TASK ITEM: From the entries below, print exactly the span beginning with the line holding "Flickering amber LED, weaved" and ending with the line holding "Dusty Blue &", endpoints included, and skip any pictures.

SOURCE RECORDS:

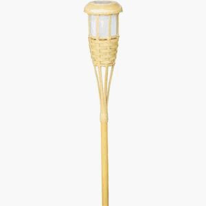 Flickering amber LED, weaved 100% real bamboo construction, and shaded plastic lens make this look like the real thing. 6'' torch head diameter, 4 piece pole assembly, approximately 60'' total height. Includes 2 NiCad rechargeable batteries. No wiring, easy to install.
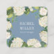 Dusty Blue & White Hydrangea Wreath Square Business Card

--

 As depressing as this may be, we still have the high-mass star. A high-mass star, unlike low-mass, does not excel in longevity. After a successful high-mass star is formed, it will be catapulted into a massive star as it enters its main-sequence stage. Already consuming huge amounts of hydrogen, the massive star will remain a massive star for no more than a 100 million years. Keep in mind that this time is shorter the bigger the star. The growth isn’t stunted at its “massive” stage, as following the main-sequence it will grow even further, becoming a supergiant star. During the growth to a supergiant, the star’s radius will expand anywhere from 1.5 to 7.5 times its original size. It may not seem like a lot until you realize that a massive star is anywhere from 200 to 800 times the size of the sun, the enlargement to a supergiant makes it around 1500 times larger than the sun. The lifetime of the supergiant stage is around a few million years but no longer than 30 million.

TASK ANSWER:
 Flickering amber LED, weaved 100% real bamboo construction, and shaded plastic lens make this look like the real thing. 6'' torch head diameter, 4 piece pole assembly, approximately 60'' total height. Includes 2 NiCad rechargeable batteries. No wiring, easy to install.
 Dusty Blue & White Hydrangea Wreath Square Business Card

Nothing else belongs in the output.